Алхимик медленно опустился в кресло и с силой потере худые, морщинистые от времени руки. Холодно. Холодно Фаусту. Хотя и стоит на улице весна, а нем теплая мантия, подбитая лисьим мехом, и с мехом бобра шапочка на голове. Плохо греет кровь в его семьдесят шесть лет.
– У ящерицы, наверное, и то кровь теплее, чем моя, – грустно улыбнулся он. – А вот огонь желаний все еще не гаснет в душе. Как объяснить одно из необъяснимых чудес природы?
Ящерица! Вот оно что! Только он произнес это слово, как на память пришла саламандра – огненная ящерица, всесильный дух огня.
Фауст развернулся к очагу, над ним висело на толстых цепях железное кольцо, в которое был вдет большой глиняный тигель, а под ним, внизу, лежала гора сухих поленьев.
Этот ритуал Фауст повторял каждый вечер: начертав в воздухе магический знак, он громко произнес заклинание, которое призывало дух огня. И вдруг дубовые поленья в очаге запылали сами. Пламя поднялось до самого верха каменной кладки, заискрились, тонко постреливая, дрова. Из ярком – красного пламени появилась и весело заплясала маленькая юркая саламандра. В комнате воцарилась мгновенно жара, таким теплом веяло от ящерицы. Саламандра навострила совсем крохотные ушки, словно приноравливаясь внимательно слушать, ее узкое личико выразило внимание.
– Друг мой жаркий, саламандра! – произнес Фауст, давая понять, что состоится разговор. – Много природных духов знаю я, но именно тебя люблю больше всех. И причина проста – ты сродни мне. Взять духи воды – ундины – холодны они и безразличны. Другие духи, духи воздуха – сильфы – летучи и изменчивы. А дух земли – так это особая стать: слишком могуч и тяжел, его вид и грозный голос просто приводят меня в страх.
Услышь, о саламандра, вот мою беду! Юность моя ушла, правильно я поступал или нет, неведомо мне, но я по – прежнему жажду высшего познания, которого так и не достиг, по – прежнему в душе моей огонь желаний, но слишком стар я, силы покидают меня…
Саламандра затихла, прикованная на железной цепи в очаге, свесила огненный хвост. Казалось, она внимательно слушает доктора Фауста – ей интересно, что он говорит.
Опершись на подлокотники кресла, Фауст поднялся, снял с полки несколько толстых манускриптов и, согнувшись под их тяжестью, побрел к очагу.
– Вот творение долгих лет моих поисков и сомнений: книги, которые я написал. Вот эта книга – «Ключи от ада», она рассказывает о всех тайнах магии, а эта – о лекарственных травах, в ней я описал свойства всех целебных снадобий, третья – о движении небесных светил… Когда создавал книги, думал, что в них – только правда, истина.
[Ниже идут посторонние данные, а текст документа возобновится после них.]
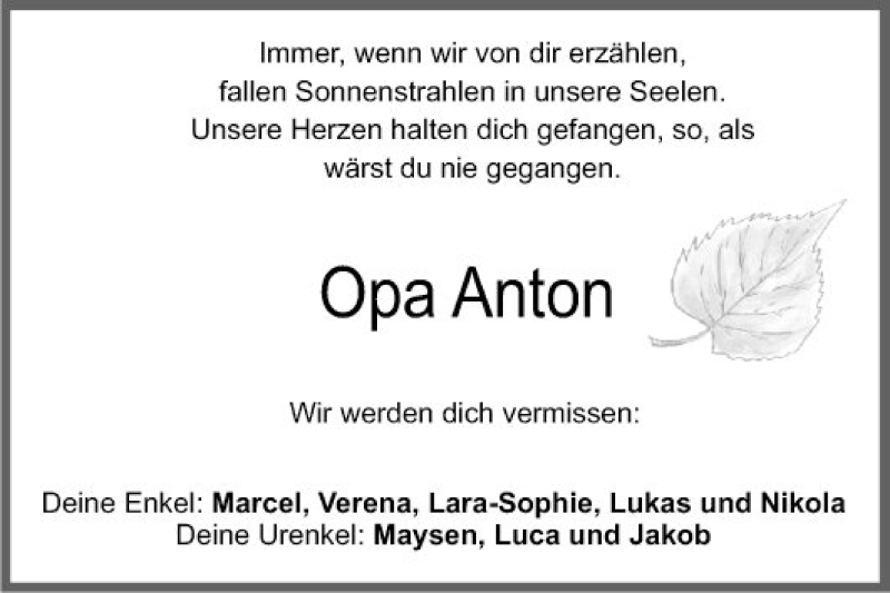 Hier finden Sie alle Traueranzeigen aus der Zeitung, die bisher für Opa Anton erschienen sind. Weitere Traueranzeigen, die in der Zeitung erscheinen, werden hier ebenfalls aufgelistet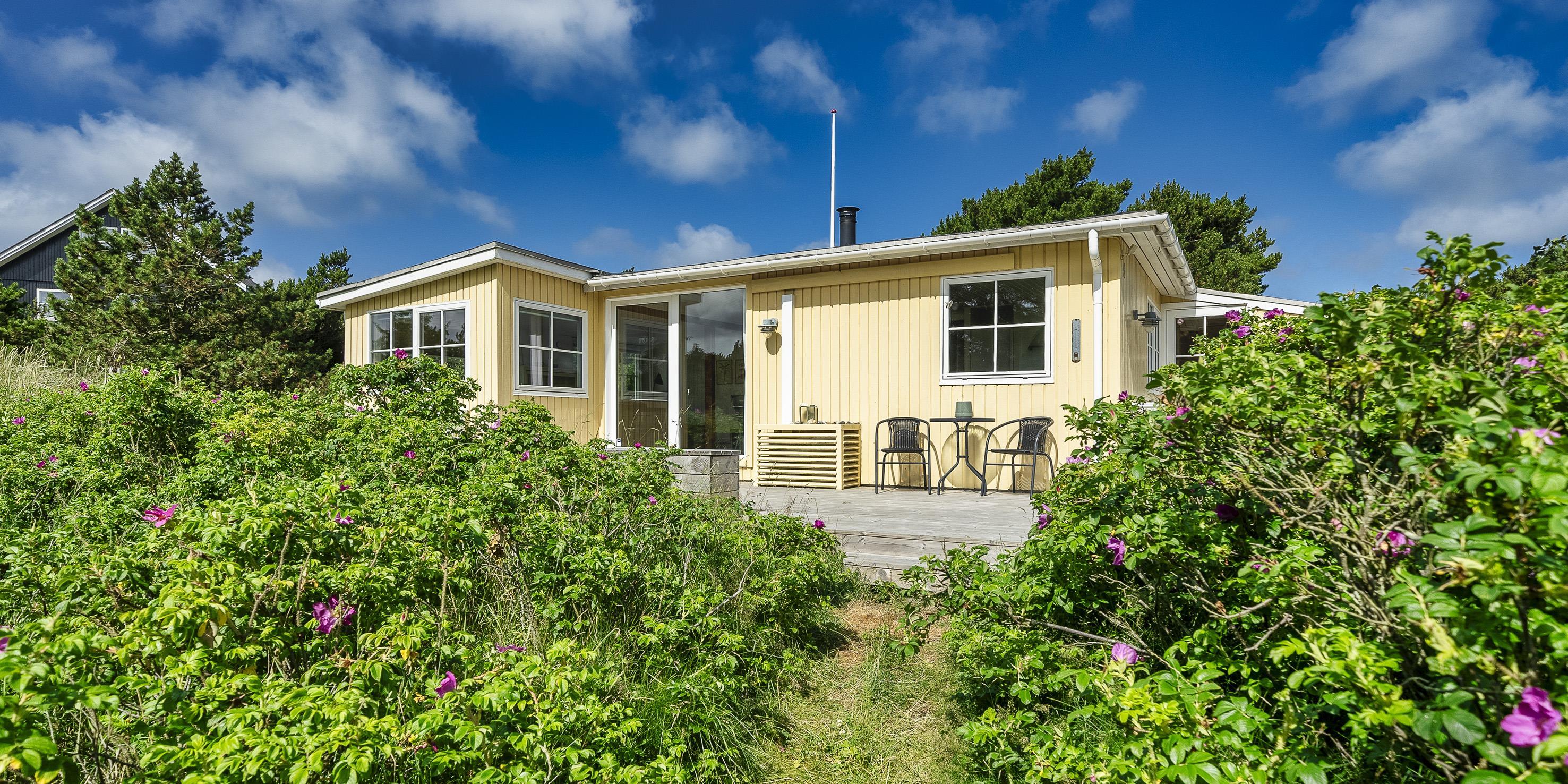 Gemütliches Ferienhaus auf einem grossen Dünengrundstück gelegen, umgeben von Hagebuttenbüschen. Das Ferienhaus ist für 5 Personen ausgestattet. Das Ferienhaus liegt nur 500 Meter vom Strand entfernt. Der Wohn- und Essbereich ist nett eingerichtet mit seinen Möbeln und den offenen stehenden Balken. Dies gibt dem Ferienhaus einen besonderen Charme. Desweiteren befindet sich im Wohnbereich ein gemütliches Kuschelsofa. Der Holzesstisch und die dazugehörigen Stühle passen einfach in das Haus und zur gesamten Ausstattung. Im Wohnbereich ist ein Kamin aufgestellt. Es befindet sich eine Warmepumpe im Ferienhaus. Mit dieser Warmepumpe haben sie die Möglichkeit die Stromkosten zu senken, denn die Warmepumpe ist energiesparend. Das deutsche Fernsehprogramm empfangen Sie über eine Parabolantenne und zusätzlich Chrome Cast. Die neue Küche verfügt über über einen Herd mit Cerankochfeld, einem Backofen, einer Geschirrspülmaschine und einer Kühl- und Gefrierkombination. Das Badezimmer ist mit hübschen Fliesen versehen und mit einer Fussbodenheizung ausgestattet. Desweiteren verfügt das Bad über ein WC, ein Handwaschbecken und eine Dusche. Eine Waschmaschine steht den Gästen im Ferienhaus auch zur Verfügung und diese ist im Badezimmer untergebracht. Insgesamt gibt es drei Schlafzimmer: DB + DB + DB. Das Ferienhaus verfügt über einen Internetanschluss (W-Lan). Am Ferienhaus stehen zwei Terrassenbereiche zur Verfügung. Eine davon ist mit einer Markiese ausgestattet. Es sind keine Haustiere erlaubt. Rauchen ist nicht erlaubt. Buchungen an Jugendgruppen im Alter bis 25 Jahre nehmen wir nicht entgegen. Das Ferienhaus ist 1937 erbaut worden und renoviert in 2019.

О как я был молод и наивен! Теперь вижу я, что правды в них слишком мало, а заблуждениям нет конца. Исправить уже не могу ничего¸ одной ногой стою перед могилой. Я отрекаюсь от моих мыслей и моих книг, я хочу, чтобы книги никто не читал, уничтожу их, как расколол колбу с ничтожным эликсиром. Пусть не родят они новых ошибок. Брошу в очаг, саламандра, пусть превратятся в пепел. Сожги мои книги, о саламандра, призываю тебя – исполню волю.
И с этими словами Фауст одну за другой бросил книг в огонь. Огонь взметнулся столбом кровавых искр, листы книг зашевелились, зашипели, почернели, по ним вдруг пробежал красная полоса и огонь мгновенно погас. Словно опрокинули на него сосуд с водой. Саламандра сверкнула тонкой нитью, метнулась вниз и скрылась среди обгоревших поленьев.
– Почему ты не сожгла мои книги, саламандра? Что это значит? Ты без объяснений скрылась от меня! – гневно вскричал старый ученый – алхимик.
Обессиленный Фауст упал в кресло, опустил голову на грудь. Нет ему теперь дела до магического искусства заклинаний. Пусть он разумом безмерно силен и выше его ум таинственных сил, но ему ли управлять непредсказуемыми, капризными стихийными духами?
Затих Фауст, в это время дверь коротко скрипнула, показалась рука с горящей свечой, и в рабочий кабинет вошел ученик доктора Фауста – Кристоф Вагнер. На миг Фаусту показалось, что его ученик напоминает домашнюю моль, которая облюбовала себе угол в книжной пыли: был ученик серый, бесцветный, почти невидимый. Фауст позавидовал: вот к кому никогда не приходят видения!
– Что случилось, дорогой доктор, вы сидите в темноте, без света? Погружены в сон или думаете о чем – то? Я, сам того не желая, неосторожно прервал нить ваших мыслей!
– Что вы, что вы, мой прилежный ученик, нить порвалась сама собой, – тихо ответил Фауст.
– Как жаль! Значит, вы пришли к выводу, который бы достойно венчал усердие нынешнего дня?
– А вот нет, напротив, к ясному выводу я пришел. Если хотите знать, я вывел итог всей моей жизни.
– Как? Тайну всей вашей жизни! О, как велики и необъятны должны быть знания, которые вы получили! Учитель, поведайте мне о них, я просто сгораю от нетерпения.
– Хорошо! Вы готовы принять правду, как она есть?
– К великому своему удовольствию! – воодушевление сквозило в голосе Вагнера.
– Выражу в двух словах: я – невежда!
При таких словах, грянувших будто гром среди ясного неба, ученик закачался, словно маятник, подался вперед и едва не опрокинул подсвечник.
– Как – невежда? – с дрожью вскричал он и протяжно ахнул. – И кто это говорит? Великий ученый Иоганн Фауст, « философ философов», доктор богословия, слава и украшение нашего Виттенберского университета? Ведь именно вы всегда выходили победителем в ученом споре горделивых мужей науки! Так глубоко приводили могучие доказательства, легко разбивая любые доводы и сомнения!
– Несмотря на ваши громкие слова, и все – таки я только неуч, законченная невежда. Если хотите, я трижды неуч и трижды невежда!
– Пусть отсохнут мои уши! Что я слышу? Все абсолютно знают: вы – искусный врач, великий математик, непревзойденный знаток астрономии, алхимии… Ваша слава выше славы греческого философа Теофраста в древние времена или светила медицины Парацельса в наше время.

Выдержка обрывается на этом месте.